Lanthanide-Selective Artificial Channels

Lanthanides serve as essential elements for modern technology, playing critical roles in batteries, wind turbines, portable electronics, and energy-efficient lighting. Purifying lanthanides from ores and recycling them from end-of-life consumer materials are costly and damaging to the environment due to inefficient separation technologies. In this study, we present a new approach for lanthanide separations using supramolecular membrane channel nanopores based on a pillar[5]arene scaffold with appended diphenylphosphine oxide (DPP) ligands. These channels show high transport selectivity (>18:1) of the middle lanthanides, europium (Eu3+) and terbium (Tb3+) ions, over monovalent K+ ions and also excluded other common mono- and divalent metal ions (Na+, Ca2+, and Mg2+) including protons.
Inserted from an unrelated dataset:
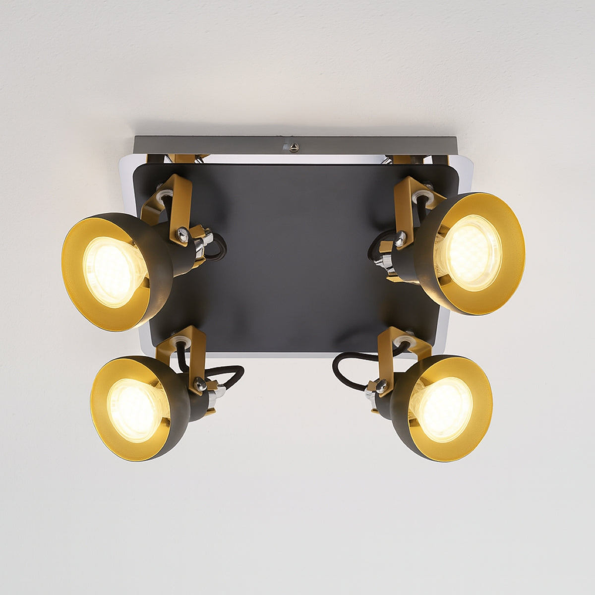 CGC SAFF 4 Head Black Adjustable Wall Ceiling Light With Gold & Chrome Detail

These membrane channels also have high lanthanide-lanthanide transport selectivity with Eu3+/La3+ selectivity of >40 and Eu3+/Yb3+ selectivity of ∼30. Additionally, they demonstrated significantly higher selectivities between middle lanthanides and both light and heavy lanthanides: Tb3+/La3+ (∼140), Tb3+/Yb3+ (∼72), Tb3+/Nd3+ (∼58), and Eu3+/Nd3+ (∼17), which are considerably higher than selectivities reported in studies using traditional solvent extraction methods. Molecular dynamics simulations indicate that the high selectivity observed is due to specific water-mediated interactions between the hydrated ions and the channel. Our findings could contribute to ongoing efforts to improve lanthanide separation efficiency and reduce the environmental impact associated with current methods.